The perfect pineapple should be golden-yellow, its crown of leaves well-formed, and it has to be produced according to fair-trade rules. The big distributors in the West have exacting demands when it comes to quality. But to fulfil them, production has to be standardised. Nadine Arnold, a sociologist at the University of Lucerne, has been investigating the impact of fair-trade standards on pineapple production in Ghana in West Africa.

To this end, Arnold has accompanied small farmers, plantation owners, quality assessors and export managers in their daily work, and has conducted interviews with them. She has been evaluating at what stages of production standards are applied, and how they influence the everyday work of the people on the plantations. These standards apply to sustainability, but also primarily to the size, colour, form, weight and variety of the fruits. “Implementing all of them is major achievement”, says Arnold. “The producers organise all aspects of their cultivation according to these various directives”. But these fair-trade pineapples produce both winners and losers in Ghana. Often, the producers can only sell a fraction of their harvest at a good price. The two certified fair-trade cooperatives are only able to meet the required standards because they are supported by buyers on the spot.

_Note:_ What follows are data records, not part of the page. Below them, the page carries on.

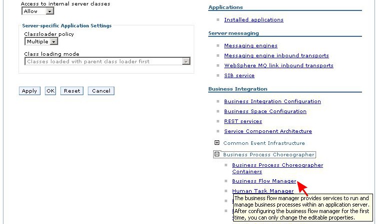Under Business Integration, expand section Business Process Choreographer to find a link to Business Flow Manager.
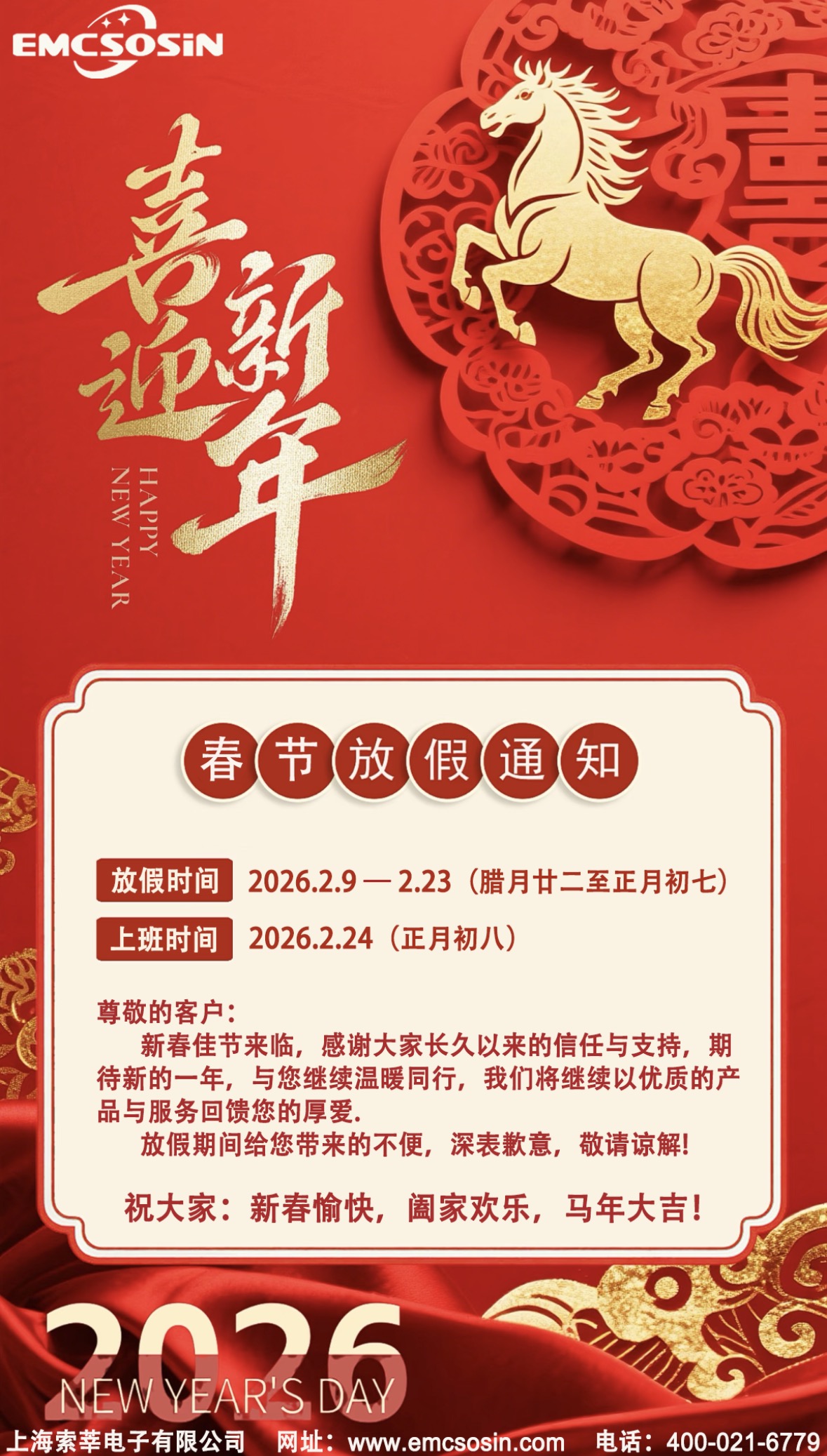 2026新春佳节即将来临,为欢度中华民族的传统佳节,结合公司实际情况,经公司研究决定现就 2026年春节放假安排如下:
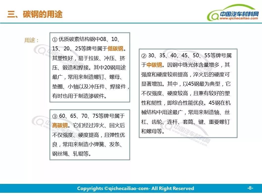普通碳素结构钢:普通碳素结构钢的标准是GB/T 700--2006。它对碳含量、性能范围以及磷、硫和其他残余元素含量的限制较宽。普通碳素结构钢分为三类:甲类钢(A类钢)是保证力学性能的钢;乙类钢(B类钢)是保证化学成分的钢;特类钢(C类钢)是既保证力学性能又保证化学成分的钢。
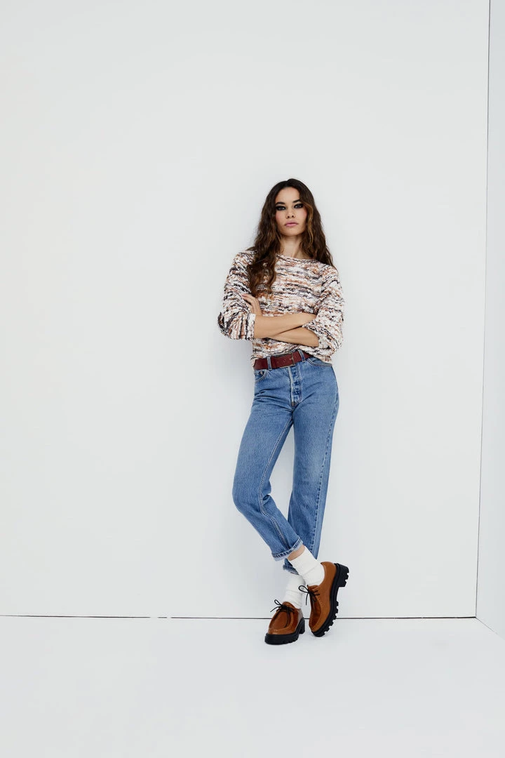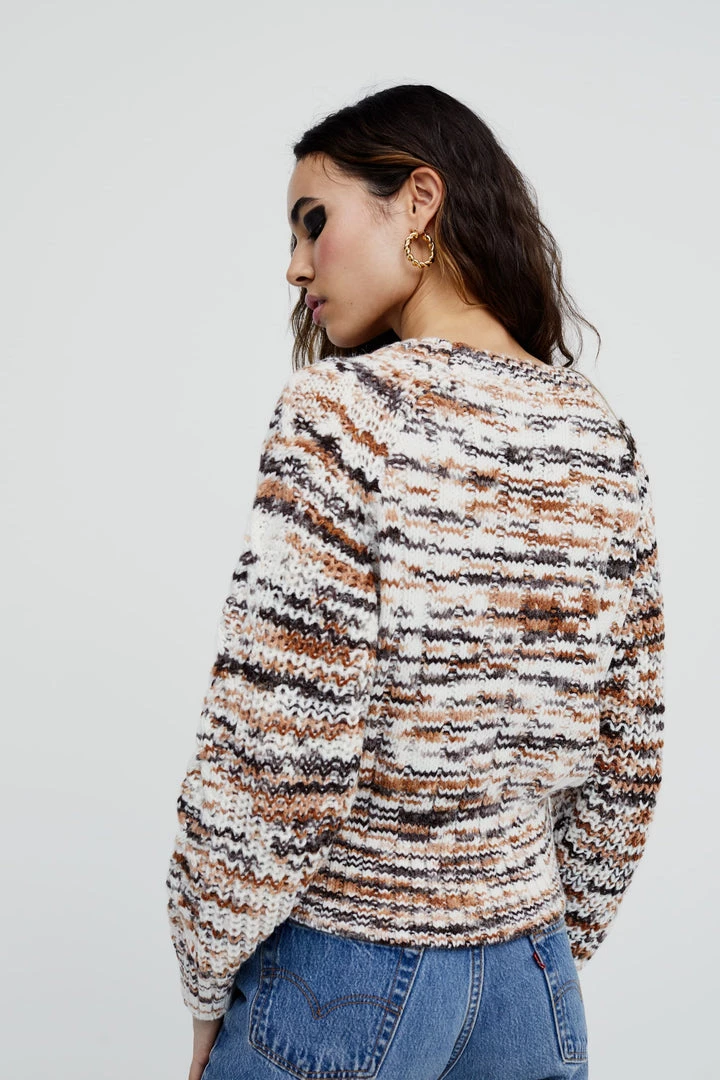 Vintage-inspired cable knit sweater featuring a muted variegated tricolor pattern. Deliciously soft feel, pullover fit.
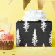 Dê um pouco de alegria de feriado no estilo moderno com este design branco e preto desenhado pela mão. Apresenta um padrão repetido de pinheiros brancos carregados de neve em um fundo preto. Limpo, simples e perfeito para suas mensagens de Natal.

It’s the cooperatives of small farmers that are really at a disadvantage – which is paradoxical, because the fair-trade system was originally designed to support them. Some pineapple plantations are even considering giving up their fair-trade certificates.
How could they be helped? “Apply fewer standards”, says Nadine Arnold. But that would mean consumers being prepared to buy not just pineapples that are perfect, but also those that are small and/or misshapen.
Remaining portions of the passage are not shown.